→ Your task
Output only the lines of the entries that follow, starting at the one with "九号电动自行车推出了两款新品 Nz 90" and running down to the one with "Over time, erosion", both included and unchanged.

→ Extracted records
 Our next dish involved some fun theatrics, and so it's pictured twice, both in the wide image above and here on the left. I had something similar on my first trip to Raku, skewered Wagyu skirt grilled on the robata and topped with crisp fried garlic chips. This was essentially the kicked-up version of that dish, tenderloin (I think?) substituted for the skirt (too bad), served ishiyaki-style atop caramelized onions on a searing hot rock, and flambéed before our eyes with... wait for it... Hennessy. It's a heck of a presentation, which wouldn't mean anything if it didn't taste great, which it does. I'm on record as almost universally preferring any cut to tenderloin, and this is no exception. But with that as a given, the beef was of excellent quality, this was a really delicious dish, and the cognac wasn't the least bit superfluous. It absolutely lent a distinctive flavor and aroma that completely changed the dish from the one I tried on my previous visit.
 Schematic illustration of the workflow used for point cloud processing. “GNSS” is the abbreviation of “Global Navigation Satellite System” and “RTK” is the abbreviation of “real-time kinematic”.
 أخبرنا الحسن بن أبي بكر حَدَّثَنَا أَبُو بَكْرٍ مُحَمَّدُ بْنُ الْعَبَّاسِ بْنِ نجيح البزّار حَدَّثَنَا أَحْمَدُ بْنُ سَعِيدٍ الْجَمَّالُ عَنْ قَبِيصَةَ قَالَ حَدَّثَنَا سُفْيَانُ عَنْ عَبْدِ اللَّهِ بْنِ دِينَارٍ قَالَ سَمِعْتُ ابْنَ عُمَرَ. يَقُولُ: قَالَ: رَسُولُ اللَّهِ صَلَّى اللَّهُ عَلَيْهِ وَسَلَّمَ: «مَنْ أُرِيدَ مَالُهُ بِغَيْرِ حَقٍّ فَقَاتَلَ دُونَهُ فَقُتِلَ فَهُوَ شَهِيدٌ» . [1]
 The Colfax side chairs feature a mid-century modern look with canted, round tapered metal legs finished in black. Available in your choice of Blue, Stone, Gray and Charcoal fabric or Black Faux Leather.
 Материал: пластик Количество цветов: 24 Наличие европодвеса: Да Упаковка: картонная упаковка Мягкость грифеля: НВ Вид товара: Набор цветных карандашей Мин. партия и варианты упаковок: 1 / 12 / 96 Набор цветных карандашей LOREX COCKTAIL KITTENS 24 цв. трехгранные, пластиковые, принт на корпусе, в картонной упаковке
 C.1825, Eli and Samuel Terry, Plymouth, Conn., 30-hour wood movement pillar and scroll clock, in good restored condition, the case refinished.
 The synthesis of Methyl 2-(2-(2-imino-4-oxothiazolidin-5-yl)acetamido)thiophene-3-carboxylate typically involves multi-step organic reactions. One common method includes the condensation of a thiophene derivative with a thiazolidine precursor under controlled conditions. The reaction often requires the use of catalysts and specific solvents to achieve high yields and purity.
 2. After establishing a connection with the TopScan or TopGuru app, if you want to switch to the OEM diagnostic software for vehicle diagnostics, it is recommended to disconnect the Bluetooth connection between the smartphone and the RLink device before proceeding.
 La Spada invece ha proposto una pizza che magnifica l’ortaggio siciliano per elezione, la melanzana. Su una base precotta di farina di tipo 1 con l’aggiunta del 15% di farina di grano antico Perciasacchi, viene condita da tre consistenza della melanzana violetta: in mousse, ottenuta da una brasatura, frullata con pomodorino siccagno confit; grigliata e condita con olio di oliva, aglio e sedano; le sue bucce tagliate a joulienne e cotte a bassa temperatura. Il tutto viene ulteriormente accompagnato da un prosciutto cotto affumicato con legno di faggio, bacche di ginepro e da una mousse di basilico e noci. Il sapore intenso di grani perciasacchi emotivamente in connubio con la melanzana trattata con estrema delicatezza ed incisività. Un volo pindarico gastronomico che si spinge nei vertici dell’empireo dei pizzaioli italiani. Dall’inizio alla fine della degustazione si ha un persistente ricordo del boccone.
---
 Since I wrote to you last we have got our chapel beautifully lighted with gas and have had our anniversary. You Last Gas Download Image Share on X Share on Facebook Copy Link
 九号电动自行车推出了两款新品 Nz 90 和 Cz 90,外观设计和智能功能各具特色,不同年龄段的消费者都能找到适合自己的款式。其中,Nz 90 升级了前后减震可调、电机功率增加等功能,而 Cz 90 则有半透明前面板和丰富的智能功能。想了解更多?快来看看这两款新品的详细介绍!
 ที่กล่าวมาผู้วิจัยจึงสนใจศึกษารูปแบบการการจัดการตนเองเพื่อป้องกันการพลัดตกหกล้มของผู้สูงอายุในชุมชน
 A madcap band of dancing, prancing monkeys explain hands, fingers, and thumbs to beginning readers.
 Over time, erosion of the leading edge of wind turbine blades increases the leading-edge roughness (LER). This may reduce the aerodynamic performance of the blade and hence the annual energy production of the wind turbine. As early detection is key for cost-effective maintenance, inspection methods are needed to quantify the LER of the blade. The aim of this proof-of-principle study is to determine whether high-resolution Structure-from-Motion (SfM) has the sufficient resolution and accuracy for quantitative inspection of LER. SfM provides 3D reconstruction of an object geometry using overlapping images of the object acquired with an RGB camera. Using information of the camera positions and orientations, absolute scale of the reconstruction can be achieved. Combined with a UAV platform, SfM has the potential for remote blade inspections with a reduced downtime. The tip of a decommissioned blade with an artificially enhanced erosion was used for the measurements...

→ Exercise answer
 九号电动自行车推出了两款新品 Nz 90 和 Cz 90,外观设计和智能功能各具特色,不同年龄段的消费者都能找到适合自己的款式。其中,Nz 90 升级了前后减震可调、电机功率增加等功能,而 Cz 90 则有半透明前面板和丰富的智能功能。想了解更多?快来看看这两款新品的详细介绍!
 ที่กล่าวมาผู้วิจัยจึงสนใจศึกษารูปแบบการการจัดการตนเองเพื่อป้องกันการพลัดตกหกล้มของผู้สูงอายุในชุมชน
 A madcap band of dancing, prancing monkeys explain hands, fingers, and thumbs to beginning readers.
 Over time, erosion of the leading edge of wind turbine blades increases the leading-edge roughness (LER). This may reduce the aerodynamic performance of the blade and hence the annual energy production of the wind turbine. As early detection is key for cost-effective maintenance, inspection methods are needed to quantify the LER of the blade. The aim of this proof-of-principle study is to determine whether high-resolution Structure-from-Motion (SfM) has the sufficient resolution and accuracy for quantitative inspection of LER. SfM provides 3D reconstruction of an object geometry using overlapping images of the object acquired with an RGB camera. Using information of the camera positions and orientations, absolute scale of the reconstruction can be achieved. Combined with a UAV platform, SfM has the potential for remote blade inspections with a reduced downtime. The tip of a decommissioned blade with an artificially enhanced erosion was used for the measurements...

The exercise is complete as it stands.